| Data for analysis |

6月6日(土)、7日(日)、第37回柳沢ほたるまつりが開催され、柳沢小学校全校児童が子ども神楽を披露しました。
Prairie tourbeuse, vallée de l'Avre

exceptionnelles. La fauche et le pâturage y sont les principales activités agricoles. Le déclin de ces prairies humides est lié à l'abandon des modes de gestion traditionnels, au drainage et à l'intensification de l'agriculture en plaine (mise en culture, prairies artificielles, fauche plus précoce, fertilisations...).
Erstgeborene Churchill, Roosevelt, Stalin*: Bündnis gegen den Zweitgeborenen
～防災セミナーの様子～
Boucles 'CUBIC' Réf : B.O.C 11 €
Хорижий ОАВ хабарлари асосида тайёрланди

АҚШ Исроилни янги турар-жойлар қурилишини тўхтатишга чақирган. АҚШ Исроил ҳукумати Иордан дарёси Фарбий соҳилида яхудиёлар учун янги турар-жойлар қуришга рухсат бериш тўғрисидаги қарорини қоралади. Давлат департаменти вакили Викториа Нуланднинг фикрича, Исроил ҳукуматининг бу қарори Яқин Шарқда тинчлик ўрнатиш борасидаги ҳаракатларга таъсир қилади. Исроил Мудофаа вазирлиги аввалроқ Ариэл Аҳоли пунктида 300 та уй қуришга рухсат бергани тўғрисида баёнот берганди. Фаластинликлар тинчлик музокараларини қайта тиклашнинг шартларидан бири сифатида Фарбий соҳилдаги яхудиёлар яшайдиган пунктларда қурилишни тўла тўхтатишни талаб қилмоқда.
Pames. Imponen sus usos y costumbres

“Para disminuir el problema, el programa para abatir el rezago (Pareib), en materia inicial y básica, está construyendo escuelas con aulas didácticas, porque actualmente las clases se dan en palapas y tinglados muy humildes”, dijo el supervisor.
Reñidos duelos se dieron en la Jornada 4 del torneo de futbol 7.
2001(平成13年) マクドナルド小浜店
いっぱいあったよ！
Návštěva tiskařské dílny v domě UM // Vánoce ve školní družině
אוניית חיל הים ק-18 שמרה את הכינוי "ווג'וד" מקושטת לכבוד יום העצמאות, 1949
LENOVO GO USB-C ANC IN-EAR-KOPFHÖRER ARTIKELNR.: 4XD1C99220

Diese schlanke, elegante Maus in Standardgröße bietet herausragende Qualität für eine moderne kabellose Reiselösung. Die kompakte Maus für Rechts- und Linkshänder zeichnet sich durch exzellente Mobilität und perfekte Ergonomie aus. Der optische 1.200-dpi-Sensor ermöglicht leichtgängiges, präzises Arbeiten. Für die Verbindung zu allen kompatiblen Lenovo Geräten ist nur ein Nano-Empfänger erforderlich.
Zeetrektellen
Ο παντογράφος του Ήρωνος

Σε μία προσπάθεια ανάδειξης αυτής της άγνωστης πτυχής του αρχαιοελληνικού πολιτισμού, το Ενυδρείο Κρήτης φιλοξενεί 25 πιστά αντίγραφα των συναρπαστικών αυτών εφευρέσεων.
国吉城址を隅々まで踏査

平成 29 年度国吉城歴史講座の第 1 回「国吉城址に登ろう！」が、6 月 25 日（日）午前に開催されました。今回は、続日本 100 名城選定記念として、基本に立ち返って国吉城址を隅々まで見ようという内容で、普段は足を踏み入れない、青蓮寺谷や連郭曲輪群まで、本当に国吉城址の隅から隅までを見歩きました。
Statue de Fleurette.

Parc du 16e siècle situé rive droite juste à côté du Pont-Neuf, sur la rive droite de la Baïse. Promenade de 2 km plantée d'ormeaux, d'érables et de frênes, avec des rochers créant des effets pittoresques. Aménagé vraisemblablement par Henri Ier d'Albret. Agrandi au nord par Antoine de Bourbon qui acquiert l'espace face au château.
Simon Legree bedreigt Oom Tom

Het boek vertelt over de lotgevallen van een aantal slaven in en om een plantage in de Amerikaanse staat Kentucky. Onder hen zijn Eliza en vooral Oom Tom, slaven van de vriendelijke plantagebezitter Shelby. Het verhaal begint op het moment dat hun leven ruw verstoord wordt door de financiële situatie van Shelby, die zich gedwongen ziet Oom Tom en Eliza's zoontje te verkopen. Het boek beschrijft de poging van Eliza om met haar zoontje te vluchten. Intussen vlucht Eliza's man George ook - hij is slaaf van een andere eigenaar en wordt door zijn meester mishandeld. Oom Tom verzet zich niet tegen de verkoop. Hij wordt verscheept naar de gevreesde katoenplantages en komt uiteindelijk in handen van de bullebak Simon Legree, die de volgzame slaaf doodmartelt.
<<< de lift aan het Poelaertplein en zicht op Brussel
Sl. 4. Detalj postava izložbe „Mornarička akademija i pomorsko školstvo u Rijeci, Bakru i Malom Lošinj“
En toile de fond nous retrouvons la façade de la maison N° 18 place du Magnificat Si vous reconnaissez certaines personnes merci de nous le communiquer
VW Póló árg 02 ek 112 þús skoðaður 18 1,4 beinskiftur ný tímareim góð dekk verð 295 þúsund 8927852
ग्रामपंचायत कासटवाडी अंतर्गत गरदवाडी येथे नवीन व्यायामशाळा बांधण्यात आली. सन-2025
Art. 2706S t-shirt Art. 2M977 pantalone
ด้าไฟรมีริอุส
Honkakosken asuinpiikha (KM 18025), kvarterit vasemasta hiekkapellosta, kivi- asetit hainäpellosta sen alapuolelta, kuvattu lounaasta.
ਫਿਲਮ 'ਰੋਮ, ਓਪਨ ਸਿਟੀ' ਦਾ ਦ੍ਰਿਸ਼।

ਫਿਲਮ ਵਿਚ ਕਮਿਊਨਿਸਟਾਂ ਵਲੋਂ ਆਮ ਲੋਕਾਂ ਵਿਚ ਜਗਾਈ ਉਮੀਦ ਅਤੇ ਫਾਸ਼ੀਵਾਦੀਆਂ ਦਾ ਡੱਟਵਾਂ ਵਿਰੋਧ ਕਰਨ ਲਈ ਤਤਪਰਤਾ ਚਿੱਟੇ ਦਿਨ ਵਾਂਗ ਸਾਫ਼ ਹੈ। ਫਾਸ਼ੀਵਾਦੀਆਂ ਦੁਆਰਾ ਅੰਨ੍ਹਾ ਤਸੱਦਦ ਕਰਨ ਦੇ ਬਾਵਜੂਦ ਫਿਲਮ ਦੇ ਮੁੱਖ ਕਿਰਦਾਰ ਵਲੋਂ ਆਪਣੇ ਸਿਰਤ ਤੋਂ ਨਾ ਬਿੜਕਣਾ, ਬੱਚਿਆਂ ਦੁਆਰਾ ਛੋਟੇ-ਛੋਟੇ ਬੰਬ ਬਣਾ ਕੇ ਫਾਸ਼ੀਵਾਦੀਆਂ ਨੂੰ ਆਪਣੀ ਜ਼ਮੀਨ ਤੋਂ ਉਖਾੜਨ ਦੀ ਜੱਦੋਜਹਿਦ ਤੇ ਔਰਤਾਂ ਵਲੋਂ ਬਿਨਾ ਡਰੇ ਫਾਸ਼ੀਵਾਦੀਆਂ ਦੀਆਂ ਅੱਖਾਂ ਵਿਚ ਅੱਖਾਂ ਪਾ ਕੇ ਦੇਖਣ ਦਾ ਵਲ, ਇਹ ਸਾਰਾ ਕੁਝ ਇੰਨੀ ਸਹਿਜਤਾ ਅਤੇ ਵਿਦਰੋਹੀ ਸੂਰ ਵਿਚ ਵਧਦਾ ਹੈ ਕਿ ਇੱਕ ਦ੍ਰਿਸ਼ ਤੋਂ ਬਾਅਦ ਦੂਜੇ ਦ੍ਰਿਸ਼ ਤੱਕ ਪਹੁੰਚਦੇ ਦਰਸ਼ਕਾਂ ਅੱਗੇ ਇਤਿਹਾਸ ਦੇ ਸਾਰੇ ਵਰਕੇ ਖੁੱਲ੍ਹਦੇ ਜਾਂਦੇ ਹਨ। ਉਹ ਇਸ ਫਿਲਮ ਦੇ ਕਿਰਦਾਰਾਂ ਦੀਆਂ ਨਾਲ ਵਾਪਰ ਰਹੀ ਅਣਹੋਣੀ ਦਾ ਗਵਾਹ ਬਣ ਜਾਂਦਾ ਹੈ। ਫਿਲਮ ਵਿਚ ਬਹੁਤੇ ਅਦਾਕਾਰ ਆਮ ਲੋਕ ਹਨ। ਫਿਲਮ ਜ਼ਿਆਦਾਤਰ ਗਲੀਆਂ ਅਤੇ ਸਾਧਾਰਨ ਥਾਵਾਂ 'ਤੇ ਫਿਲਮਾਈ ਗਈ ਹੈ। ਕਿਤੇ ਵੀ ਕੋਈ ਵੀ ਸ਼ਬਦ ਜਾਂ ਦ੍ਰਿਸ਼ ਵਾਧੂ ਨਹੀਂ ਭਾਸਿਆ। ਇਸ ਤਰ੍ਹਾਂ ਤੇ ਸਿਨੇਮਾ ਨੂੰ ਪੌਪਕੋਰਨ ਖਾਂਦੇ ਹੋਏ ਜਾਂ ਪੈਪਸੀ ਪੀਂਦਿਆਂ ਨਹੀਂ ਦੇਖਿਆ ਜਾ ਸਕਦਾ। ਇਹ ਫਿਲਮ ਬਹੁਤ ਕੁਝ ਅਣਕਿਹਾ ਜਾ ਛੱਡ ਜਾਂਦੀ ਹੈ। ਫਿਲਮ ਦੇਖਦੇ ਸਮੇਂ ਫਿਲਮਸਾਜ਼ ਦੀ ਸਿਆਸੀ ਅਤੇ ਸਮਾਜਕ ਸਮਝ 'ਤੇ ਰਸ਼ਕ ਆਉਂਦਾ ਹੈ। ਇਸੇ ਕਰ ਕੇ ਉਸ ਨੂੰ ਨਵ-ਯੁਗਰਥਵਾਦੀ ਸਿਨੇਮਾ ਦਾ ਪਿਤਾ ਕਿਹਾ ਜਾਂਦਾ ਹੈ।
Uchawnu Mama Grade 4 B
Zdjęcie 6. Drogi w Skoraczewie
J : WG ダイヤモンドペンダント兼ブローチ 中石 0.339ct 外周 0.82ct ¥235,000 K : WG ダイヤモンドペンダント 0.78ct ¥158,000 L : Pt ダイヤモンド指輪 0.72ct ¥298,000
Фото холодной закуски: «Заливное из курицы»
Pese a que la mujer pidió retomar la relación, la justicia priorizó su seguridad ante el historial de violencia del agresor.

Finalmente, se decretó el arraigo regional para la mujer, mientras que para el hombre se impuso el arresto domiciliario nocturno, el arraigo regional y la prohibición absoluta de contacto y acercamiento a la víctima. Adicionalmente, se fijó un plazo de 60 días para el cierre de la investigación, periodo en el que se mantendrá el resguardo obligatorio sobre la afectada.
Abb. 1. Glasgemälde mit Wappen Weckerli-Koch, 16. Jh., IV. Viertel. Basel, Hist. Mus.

| Exercise prompt |
From the records above, print only the lines between the one holding "Pames. Imponen sus usos y costumbres" and the one holding "Simon Legree bedreigt Oom Tom", inclusive, exactly as they stand.

| Expected output |
Pames. Imponen sus usos y costumbres

“Para disminuir el problema, el programa para abatir el rezago (Pareib), en materia inicial y básica, está construyendo escuelas con aulas didácticas, porque actualmente las clases se dan en palapas y tinglados muy humildes”, dijo el supervisor.
Reñidos duelos se dieron en la Jornada 4 del torneo de futbol 7.
2001(平成13年) マクドナルド小浜店
いっぱいあったよ！
Návštěva tiskařské dílny v domě UM // Vánoce ve školní družině
אוניית חיל הים ק-18 שמרה את הכינוי "ווג'וד" מקושטת לכבוד יום העצמאות, 1949
LENOVO GO USB-C ANC IN-EAR-KOPFHÖRER ARTIKELNR.: 4XD1C99220

Diese schlanke, elegante Maus in Standardgröße bietet herausragende Qualität für eine moderne kabellose Reiselösung. Die kompakte Maus für Rechts- und Linkshänder zeichnet sich durch exzellente Mobilität und perfekte Ergonomie aus. Der optische 1.200-dpi-Sensor ermöglicht leichtgängiges, präzises Arbeiten. Für die Verbindung zu allen kompatiblen Lenovo Geräten ist nur ein Nano-Empfänger erforderlich.
Zeetrektellen
Ο παντογράφος του Ήρωνος

Σε μία προσπάθεια ανάδειξης αυτής της άγνωστης πτυχής του αρχαιοελληνικού πολιτισμού, το Ενυδρείο Κρήτης φιλοξενεί 25 πιστά αντίγραφα των συναρπαστικών αυτών εφευρέσεων.
国吉城址を隅々まで踏査

平成 29 年度国吉城歴史講座の第 1 回「国吉城址に登ろう！」が、6 月 25 日（日）午前に開催されました。今回は、続日本 100 名城選定記念として、基本に立ち返って国吉城址を隅々まで見ようという内容で、普段は足を踏み入れない、青蓮寺谷や連郭曲輪群まで、本当に国吉城址の隅から隅までを見歩きました。
Statue de Fleurette.

Parc du 16e siècle situé rive droite juste à côté du Pont-Neuf, sur la rive droite de la Baïse. Promenade de 2 km plantée d'ormeaux, d'érables et de frênes, avec des rochers créant des effets pittoresques. Aménagé vraisemblablement par Henri Ier d'Albret. Agrandi au nord par Antoine de Bourbon qui acquiert l'espace face au château.
Simon Legree bedreigt Oom Tom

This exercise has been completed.